How to fix the World Cup, and how to fix soccer

I study international politics for a living, so of course I love the World Cup. It’s a civilized substitute for war and a welcome break from Great Power rivalry and domination. Who could not delight in tiny Wales playing the mighty United States to a draw — and neither China nor Russia even showing up?

But the World Cup has problems, and so does the game itself. What to do, what to do…

Let me deal with the easy one first. The way to fix the World Cup is to disband FIFA, throw everyone associated with it in jail, and ask the Dalai Lama to pick the host countries.

The second problem is that modern soccer is dull. Watching a match is, as Aaron Copland once said of listening to Ralph Vaughan Williams’s 5th Symphony, “like watching a cow eat grass.” It is also fluky. The better team does not win anywhere near reliably enough. One might as well just flip coins and save all the trouble of playing the dull games.

These two issues are intimately related and boil down to one simple fact: soccer is too low scoring. In any sport, the occasional point can occur by fluke. But if points are plentiful, the laws of probability will restrict the number of fluky wins. When was the last time you heard someone say that Serena Williams didn’t deserve to win a tennis tournament, or that the Toronto Maple Leafs were really the best team in hockey in [insert here any given year since Lester Pearson was prime minister]?

So, the way to fix soccer is to make it higher scoring. The question is how. Fortunately, I have the answer. Just make three little adjustments.

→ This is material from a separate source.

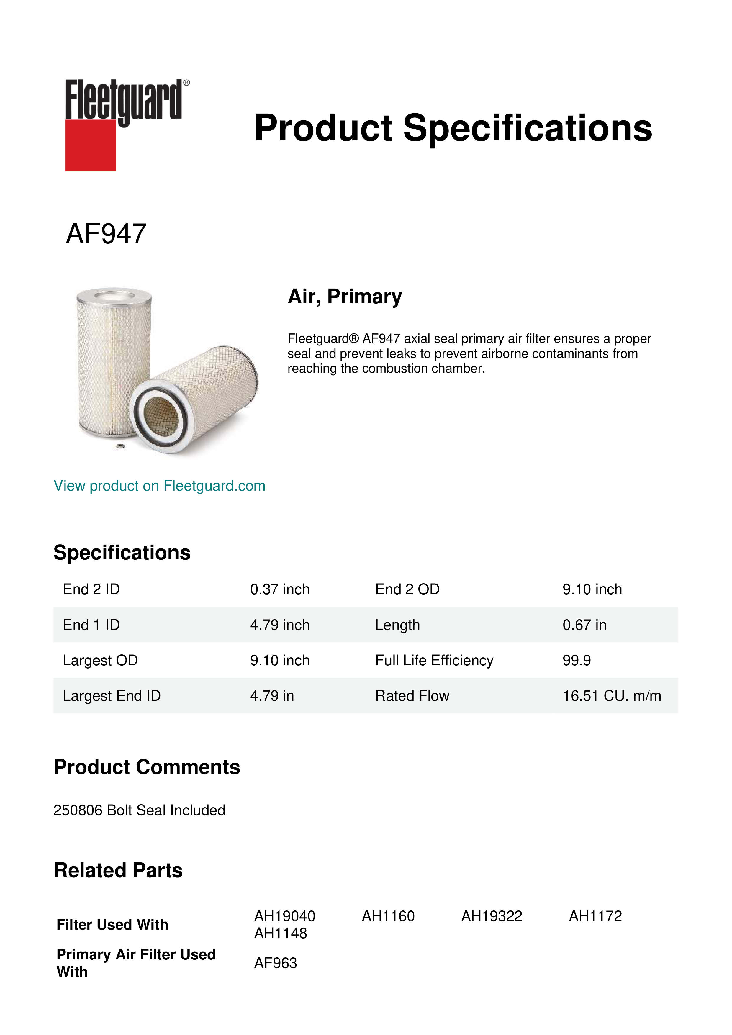 Fleetguard® AF947 axial seal primary air filter ensures a proper seal and prevent leaks to prevent airborne contaminants from reaching the combustion chamber.

First, do away with the offside rule. No, really. It’s gimmicky, pointless, hard to enforce accurately, and slows down the match. Soccer is a game of blissful simplicity where flow and momentum matter, so why gum it up by preventing talented, overpaid players from making the most of their expensive offensive skills? Open up the field. Dare the defence to let attackers outflank them. Incentivize the always-exciting long pass. Keep the whistle out of the referee’s mouth.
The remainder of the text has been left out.